STUDY MATERIAL START

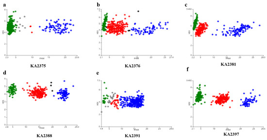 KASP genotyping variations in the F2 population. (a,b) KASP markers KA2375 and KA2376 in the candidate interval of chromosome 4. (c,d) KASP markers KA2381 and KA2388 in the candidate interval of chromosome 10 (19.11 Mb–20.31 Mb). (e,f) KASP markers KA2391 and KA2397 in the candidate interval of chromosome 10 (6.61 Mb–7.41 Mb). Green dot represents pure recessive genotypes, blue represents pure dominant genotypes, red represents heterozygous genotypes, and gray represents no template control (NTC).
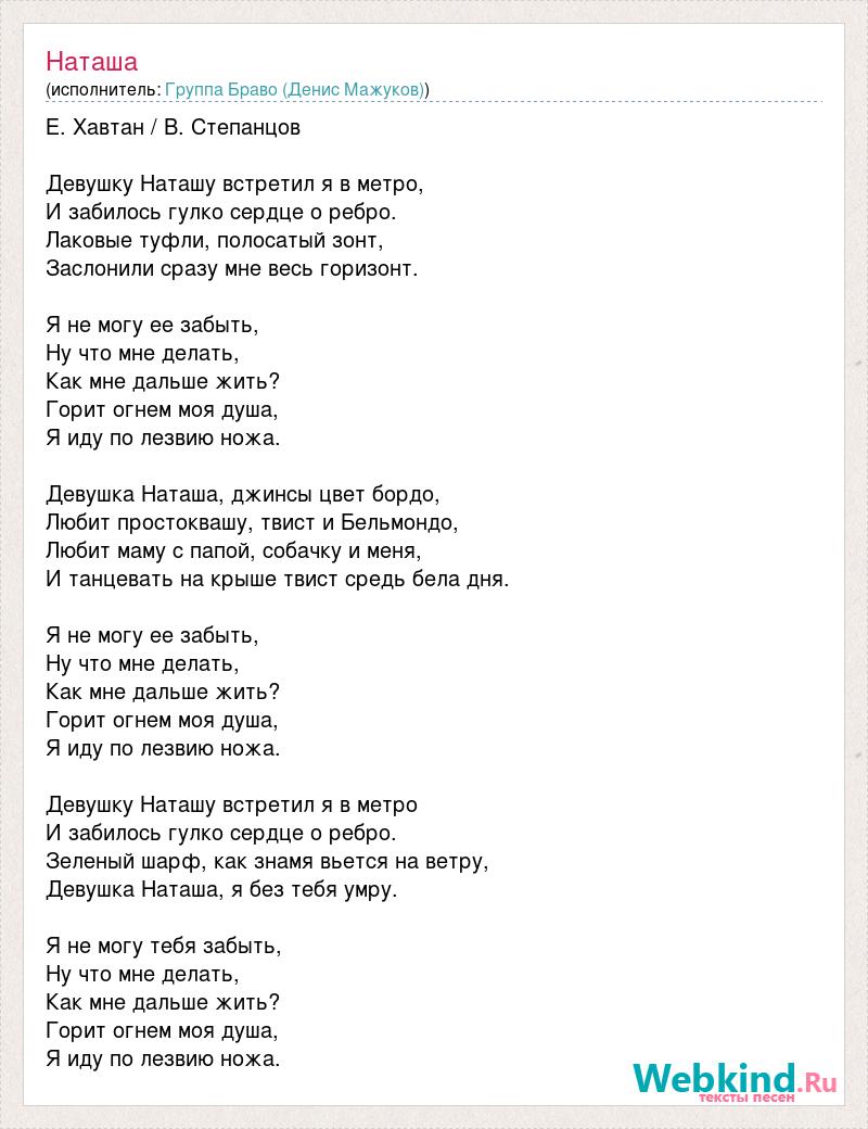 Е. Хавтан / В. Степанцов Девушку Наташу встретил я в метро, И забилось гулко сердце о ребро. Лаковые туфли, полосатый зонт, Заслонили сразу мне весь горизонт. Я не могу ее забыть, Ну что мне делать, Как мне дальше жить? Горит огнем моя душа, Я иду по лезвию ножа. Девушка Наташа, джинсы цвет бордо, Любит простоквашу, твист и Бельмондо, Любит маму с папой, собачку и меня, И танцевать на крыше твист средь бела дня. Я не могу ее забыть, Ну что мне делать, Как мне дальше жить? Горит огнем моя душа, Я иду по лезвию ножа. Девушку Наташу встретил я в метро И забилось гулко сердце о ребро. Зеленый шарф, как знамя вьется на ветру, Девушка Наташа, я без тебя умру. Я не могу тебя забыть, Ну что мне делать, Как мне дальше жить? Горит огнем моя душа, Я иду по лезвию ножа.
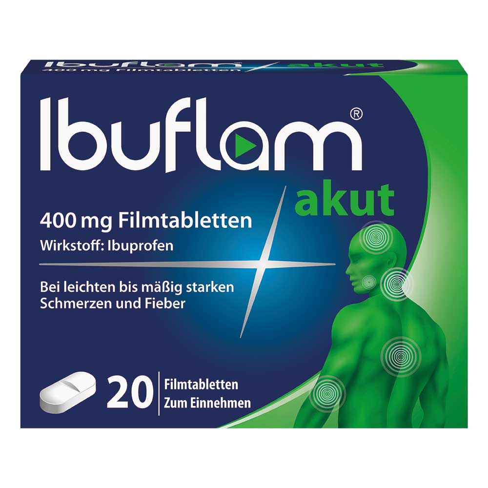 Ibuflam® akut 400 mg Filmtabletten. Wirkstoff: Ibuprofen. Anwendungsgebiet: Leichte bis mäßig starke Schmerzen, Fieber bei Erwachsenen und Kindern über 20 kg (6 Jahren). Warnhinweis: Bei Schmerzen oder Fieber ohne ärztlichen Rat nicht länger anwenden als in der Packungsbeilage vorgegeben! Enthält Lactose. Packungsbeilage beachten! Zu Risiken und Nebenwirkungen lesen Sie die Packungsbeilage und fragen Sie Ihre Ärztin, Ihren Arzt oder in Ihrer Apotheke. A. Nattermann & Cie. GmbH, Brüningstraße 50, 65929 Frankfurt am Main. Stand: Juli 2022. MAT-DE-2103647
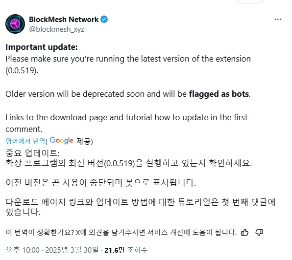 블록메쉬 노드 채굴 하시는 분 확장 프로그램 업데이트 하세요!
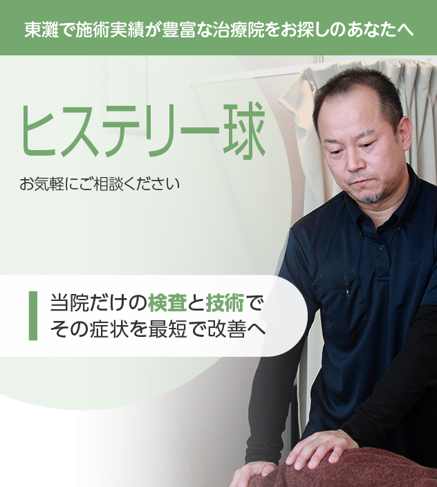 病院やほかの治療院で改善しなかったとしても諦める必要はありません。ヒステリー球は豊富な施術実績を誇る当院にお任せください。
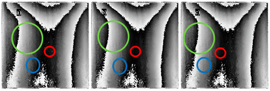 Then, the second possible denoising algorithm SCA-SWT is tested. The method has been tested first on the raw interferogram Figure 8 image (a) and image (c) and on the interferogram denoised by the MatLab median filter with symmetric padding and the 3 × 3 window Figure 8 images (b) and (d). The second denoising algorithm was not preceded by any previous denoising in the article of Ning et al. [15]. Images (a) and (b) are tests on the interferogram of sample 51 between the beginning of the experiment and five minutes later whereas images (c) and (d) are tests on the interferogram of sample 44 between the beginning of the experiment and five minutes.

STUDY MATERIAL END

● **TASK GOAL**
Output exactly the lines above that lie between the line with "블록메쉬 노드 채굴 하시는 분 확장 프로그램 업데이트 하세요!" and the line with "病院やほかの治療院で改善しな", those two lines included, and no pictures.

● **TASK SOLUTION**
 블록메쉬 노드 채굴 하시는 분 확장 프로그램 업데이트 하세요!
 病院やほかの治療院で改善しなかったとしても諦める必要はありません。ヒステリー球は豊富な施術実績を誇る当院にお任せください。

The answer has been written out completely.